4 - Une copie insatisfaisante, impossible à soutenir, mais un vote contre aurait aggravé la situation
Le texte final reste loin d’être satisfaisant. Je ne peux ni ne veux le soutenir. Pour autant, un vote contre aurait eu pour conséquence de rétablir un texte initial encore plus brutal, voire l’usage d’ordonnances conduisant aux pires choix. Mon abstention n’est donc ni tiédeur, ni ambiguïté : c’est le choix d’éviter le pire sans renoncer à nos combats. Comme le pointe également la CGT, il reste des aspects de ce budget bien sûr très insatisfaisants et le combat va continuer :
- Le budget des hôpitaux qui, s’il a été augmenté de 4 Mds, reste insuffisant
- La tarification à l’acte (déjà catastrophique pour les hôpitaux) étendue au médico-social
- La taxation des mutuelles et complémentaires. Cela se traduira forcément par des augmentations de tarifs pour les salarié·es et les retraité·es.
- La limitation des arrêts maladie à 1 mois (15 jours dans le projet initial)
5 - Ne pas essentialiser ce vote : l’opposition continue
Ce vote ne doit être ni caricaturé en ralliement ni dramatisé comme un refus de combattre. Je rejette le chantage au chaos, mais je n’ai jamais laissé planer le moindre doute : mon opposition à la politique portée par M. Lecornu reste pleine et entière.

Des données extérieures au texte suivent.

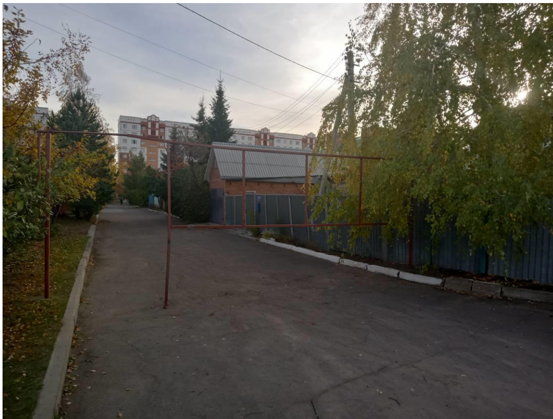
г. Омск, Центральный АО, в 9 м. северо-западнее индивидуального жилого дома № 13/5 по ул. Завертяева
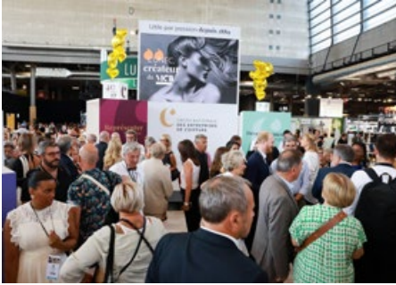
▲ Stand UNEC 2023.
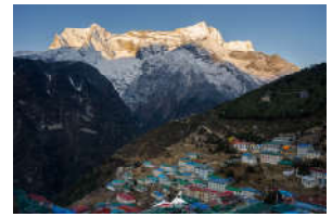
มื้ออาหาร
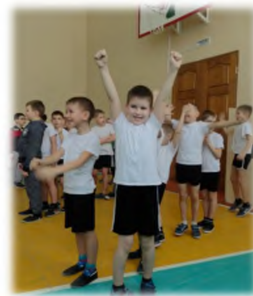
Состязания «А ну – ка, мальчики!»
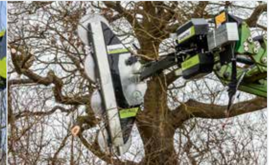
Astsäge LRS 2402
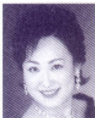
萩原みか[ソプラノ]

1932年、東京都生れ。女子美術大学卒。NHK東京放送劇団に入団し、放送、舞台で活躍。1977年から毎年「幸田弘子の会」を開催し、樋口一葉作品の朗読を始め舞台朗読という新しい分野を確立する。他にも『源氏物語』、泉鏡花、森鷗外、夏目漱石、瀬戸内寂聴など、古典から現代文学、詩歌童謡まで幅広く舞台上で朗読。これらの功績により、81、82、84年芸術祭優秀賞、84年度芸術選奨文部大臣賞、95年毎日芸術賞、96年紫綬褒章2002年藤村記念歴程賞、2003年旭日小綬章を受章。
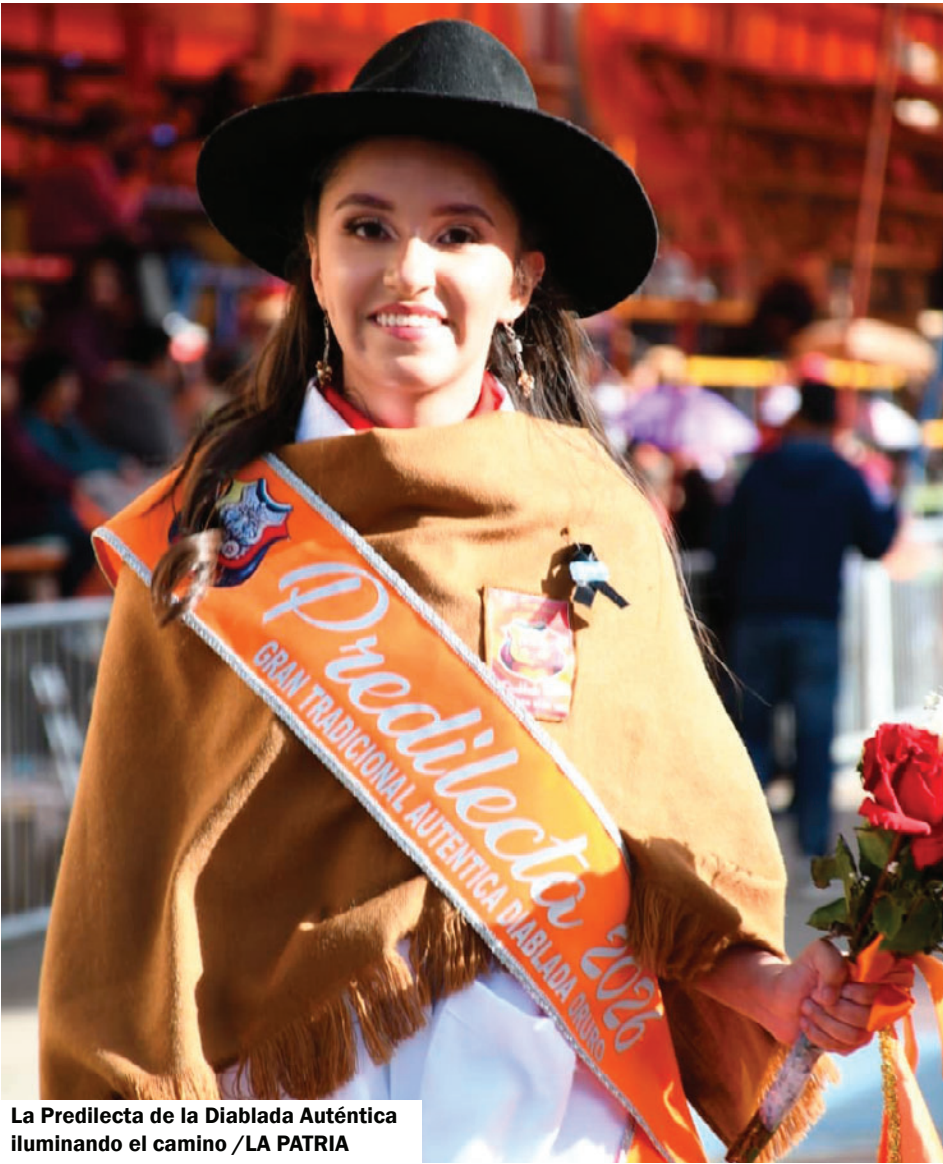
La Predilecta de la Diablada Auténtica iluminando el camino
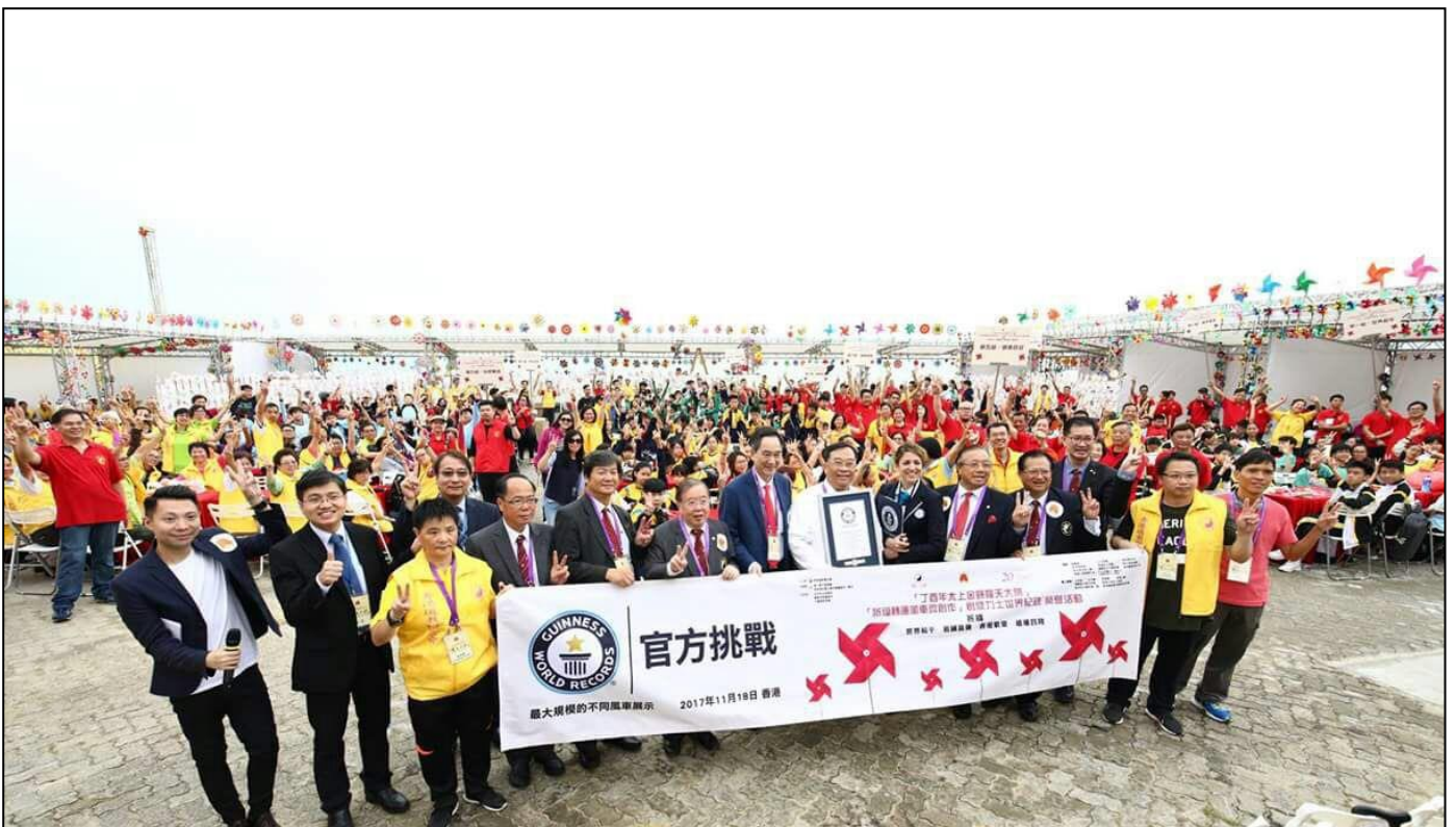
道聯會400多位中、小學生及義工們同心合力，摺出2000多個不同顏色、圖案的风車，成功創造摺風車健力士世界紀錄。
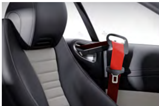
Y05 designo seat belts in red
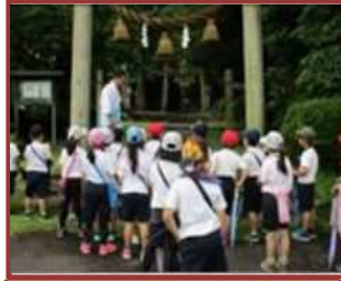
遠保神社で学ぶ (三重北小)
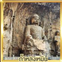
ถ้ำหลงเหมิน
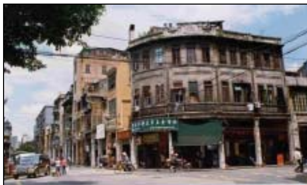
圖片 11. 越秀區內的舊街道

帶，全區面積約有55平方千米。其中尤以荔灣一帶的西關區，因較遠離市中軸範圍，開發較慢，因而保存得較為完整，仍可隱見其二十世紀二、三十年代的原貌。
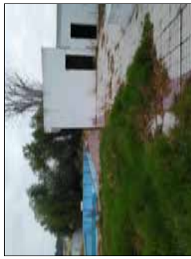
FOTOGRAFIA - 6
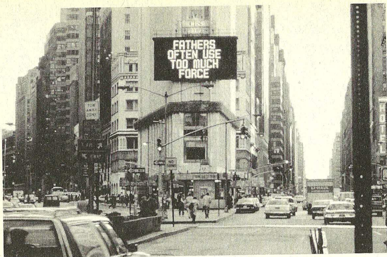
Jenny Holzer, Truisms (Truismy) , 1977-79

a agrese muži, a proto není výjimkou, když je za autora těchto textů považován muž. Holzer přiznává, že hlas maskulinity svým způsobem „ukradla“, ale její verbální cross-dressing není nikdy úplně dokonalý. V normativních jazykových konvencích veřejného informačního systému, který umělkyně používá, se totiž znaky ženskosti obvykle proderou na povrch. „Tón mých prací je velmi přesně vypočítaný – používám uhlazený jazyk odpovídající anonymnímu hlasu vyšší střední třídy,“ říká Holzer. 34
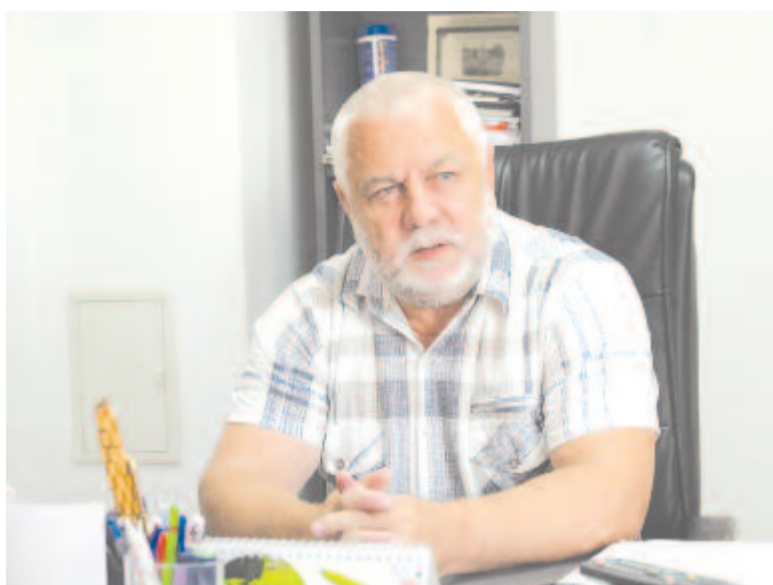
Karácsony Károly polgármester

A nyárádgálfalvi iskola épületének a tetőzetét teljesen újjáépítették, egy új szárnnyal toldották meg az épületet, a falak külső szigetelésén is dolgoznak. A kibővített épületrészben kazánház, raktárhelyiségek, illemhelyek, gyűlés- és kiállítóterem lesz, az emeleten informatika és fizika-kémia szaktanterem. Az iskolát korszerű tanintézményként szeretnék majd átadni. Amint elkészült, a diákokat visszaköltöztetik, a szentháromsági iskola emeleti részét lezárják, az épületben csak az elemi osztályok és óvodások tanulnak majd. A szentháromsági általános iskola műfüves sportpályáját két éve adták át. A Leader-program révén megvalósított projekt kb. 60.000 euróba került – tájékoztatott Karácsony Károly, Nyárádgálfalva polgármestere.
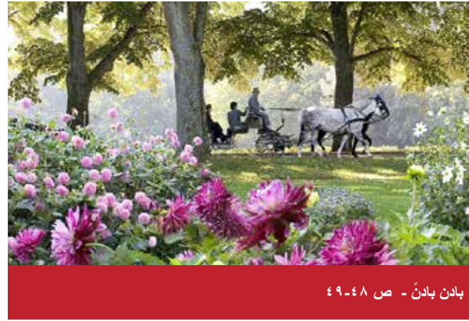
بادن بادن - ص ٤٨-٤٩

CityDent Munich Praxis für Zahnheilkunde Zahnarzt Msc Adnan Darwish Bayerstrasse 27 80335 Munich - Germany هاتف: +49 (0) 89 593 575 فاكس: +49 (0) 89 545 40 786 البريد الإلكتروني: info@citydent-munich.com www.citydent-munich.com
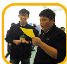
「心晴加油站」- 拋出彩虹活動 1月22日
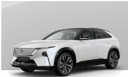
CRYSTAL WHITE PEARL - BLACK | ohne Aufpreis
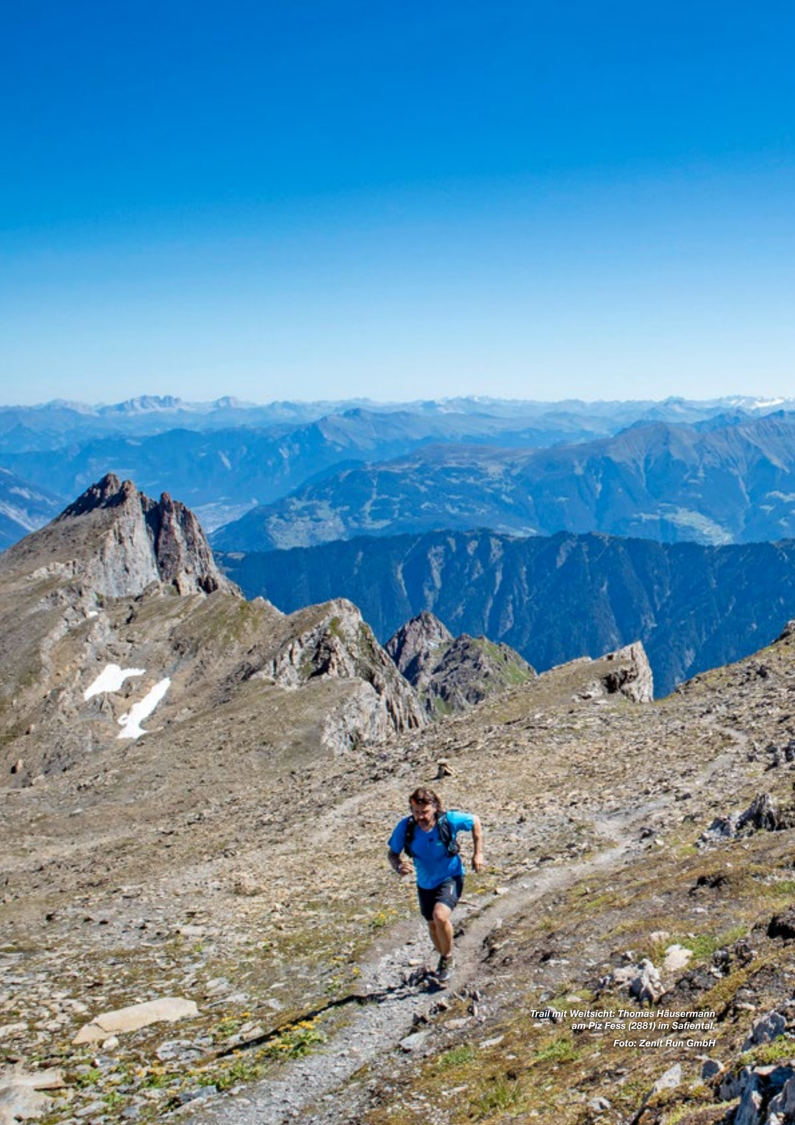
Trail mit Weitsicht: Thomas Häusermann am Piz Fess (2881) im Safental.
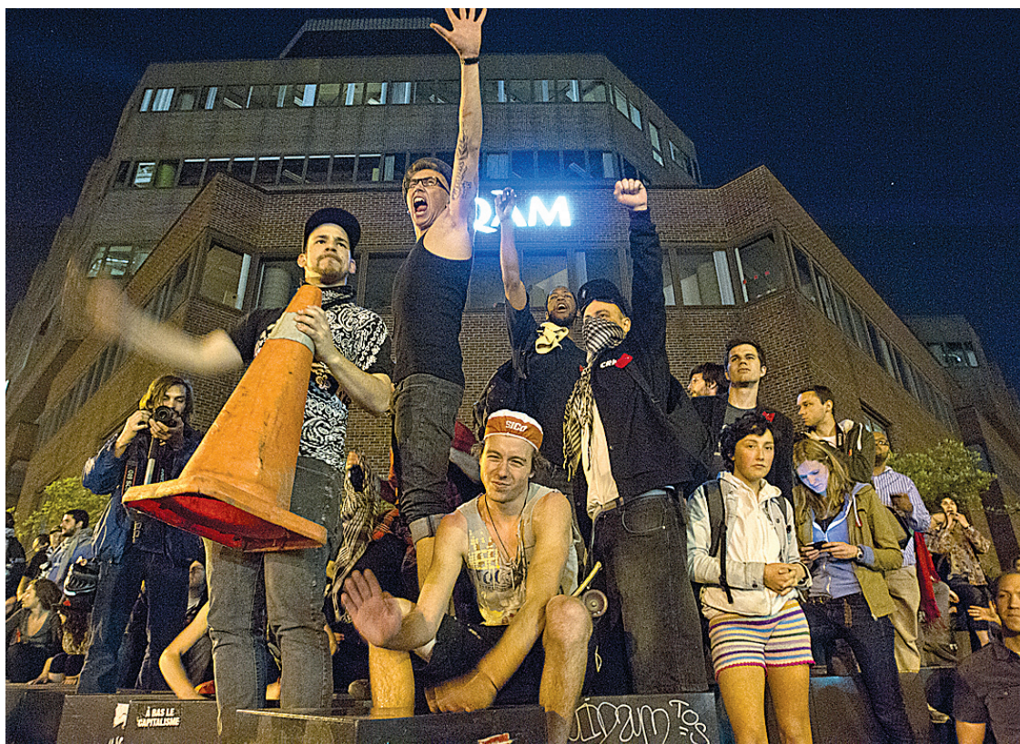
Les jeunes s'engagent à nouveau, constate Bernard Landry. Espérons que cela laisse présager qu'ils iront à l'avenir aux urnes autant que leurs aînés.

L'éducation jusqu'à la limite des talents et la volonté d'étudier de chacun constitue un droit individuel fondamental. Elle est liée aux chances de bonheur des humains de partout, particulièrement dans la complexité des défis contemporains.
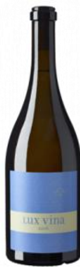
Petite Arvine Lux
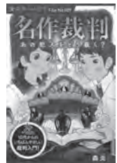
名作裁判 あの犯人をどう裁く? 森炎 / 著 ポプラ社
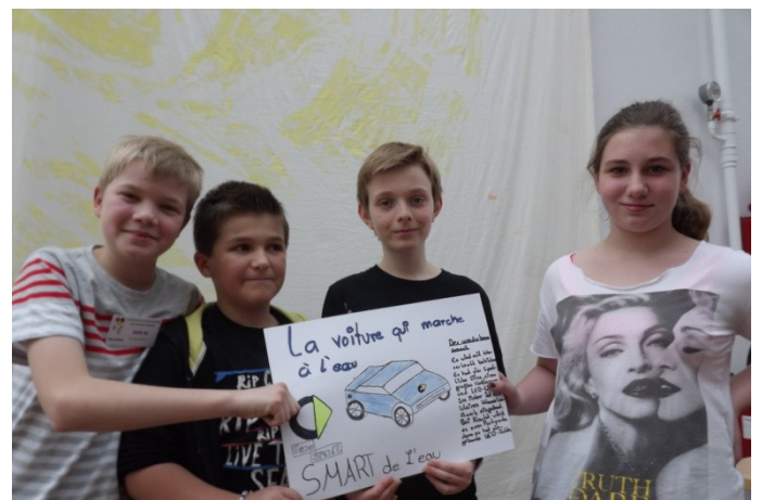
Hier sind die Ingenieure am Werk! La voiture qui marche à l'eau.
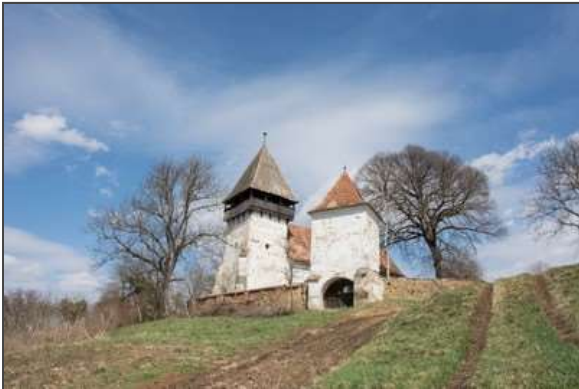
Südliche Gesamtansicht, Torbau (2022) - Kirchenburg Maniersch

Informationen für Besucher | Bilder | Grundriss | Historie | Literatur | Links
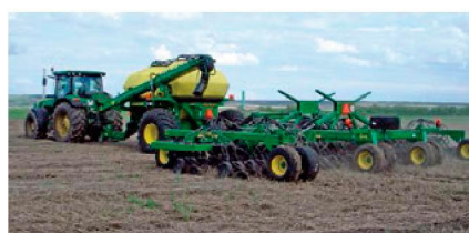
Сеялка в составе посевного комплекса в агрегате с трактором John Deere 8310R в работе
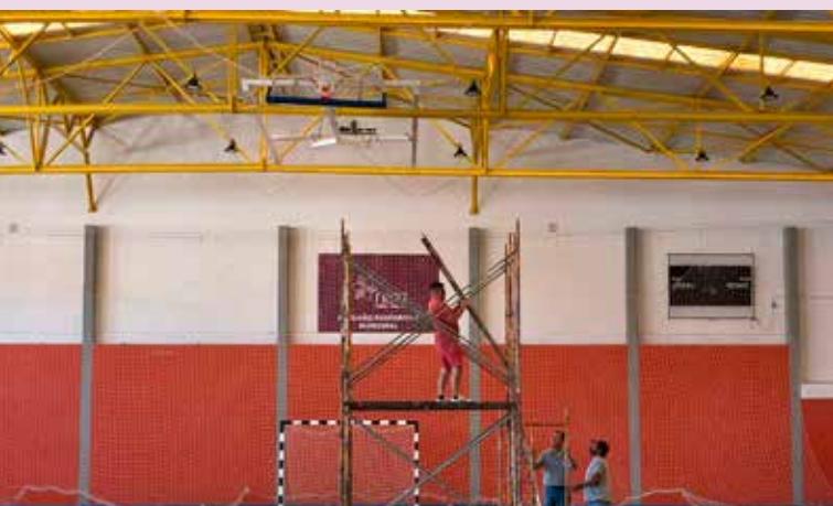
Substituição de luminárias no Pavilhão Municipal de Nisa

Il y a un nouveau vote ce mardi mais sur la même copie. J’écouterai les discussions au sein de mon groupe. Je lis et écoute les messages reçus (parfois menaçants mais j’écoute quand même) et je ne suis insensible à rien. Ce matin j’entendais la situation si difficile des agents du service hospitalier à Clocheville (les sujets ne sont pas liés qu’aux moyens mais bien sûr c’est un des enjeux majeurs). La question reste pleine et entière : qu’apporterait mon vote contre à ce stade ? Qu’apporterait mon abstention ?
A ce jour, je considère qu’entre 0 et 8 milliards, qu’entre le gel des pensions et leur évolution, qu’entre le doublement des franchises et le maintien de la franchise actuelle…, je choisis le moins pire. Je peux même le dire, il serait plus facile pour moi de voter contre en étant droit dans mes bottes, sans préoccupation des conséquences concrètes. Mais voilà, ce n'est pas ma culture politique. Mon combat c’est la vie des gens, celle-ci est pour beaucoup bien difficile.
La bataille se poursuit et notamment avec les débats à venir sur le projet de loi de finances. Là aucune avancée n’a été possible sur les recettes, les financements supplémentaires du PLFSS appelant même à être compensés dans la loi de finances. Je combattrai avec force ce budget.